- _What is needed_: After locating the line that holds "TOP Legno con", copy that line and all that follow it word for word through the end of the data, with no pictures.
*** Opening of Material provided ***
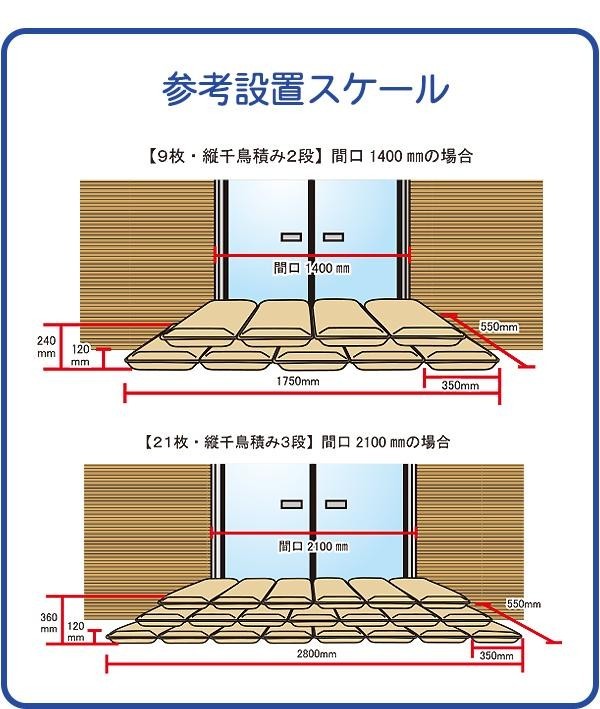 | 重量 | 1枚当たり/吸水前:約250g、吸水後(水道水の場合):約15kg 個装重量:6500g |
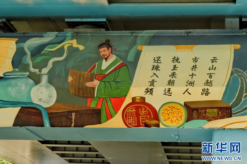 六一斜桥下的彩绘生动呈现“王审知入闽”的开闽史话。新华网发(福州市水务文化旅游有限公司供图)
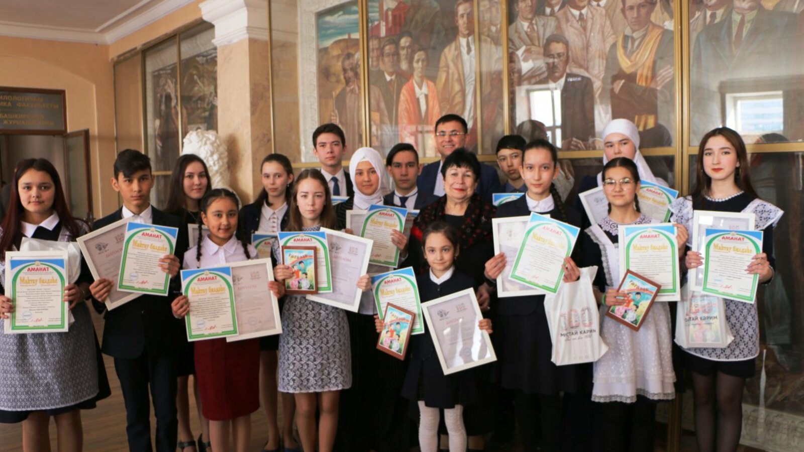 В Уфе, в Творческой мастерской имени Мустая Карима - центре по изучению башкирского языка и литературы - состоялось награждение победителей литературного конкурса, посвященного 100-летию народного поэта Башкортостана Мустая Карима. Республиканский конкурс проводился среди учащихся школ Башкортостана в двух номинациях на самые лучшие поэтические произведения (под названием «Башкортостан начинается с нас») и на самые лучшие прозаические произведения (под названием «Творческий азарт»).
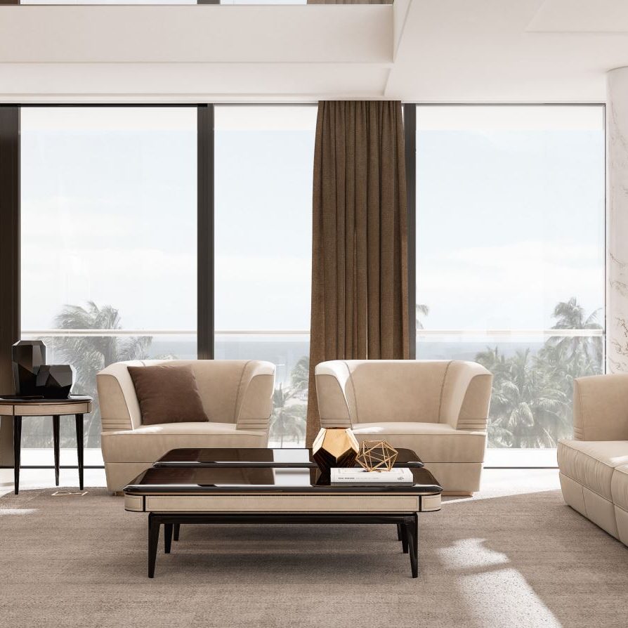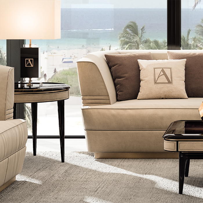 TOP Legno con bordo sagomato, impiallacciato o laccato, oppure in marmo. Dettagli in metallo. Sottotop in legno rivestito con pelle o tessuto.
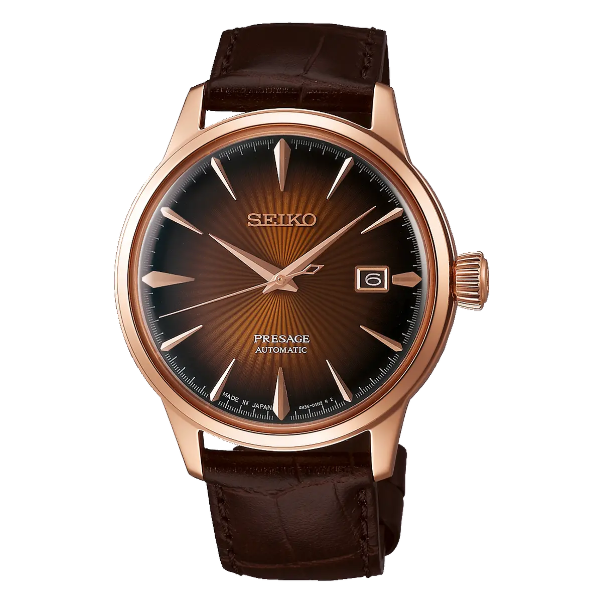 O Seiko Presage SRPB46J1 é um relógio automático elegante, conhecido como "Cocktail Time Manhattan", que se destaca por sua caixa rosé gold e um mostrador marrom em degradê com efeito sunburst.
*** Close of Material provided ***
- _Written solution_:
 TOP Legno con bordo sagomato, impiallacciato o laccato, oppure in marmo. Dettagli in metallo. Sottotop in legno rivestito con pelle o tessuto.
 O Seiko Presage SRPB46J1 é um relógio automático elegante, conhecido como "Cocktail Time Manhattan", que se destaca por sua caixa rosé gold e um mostrador marrom em degradê com efeito sunburst.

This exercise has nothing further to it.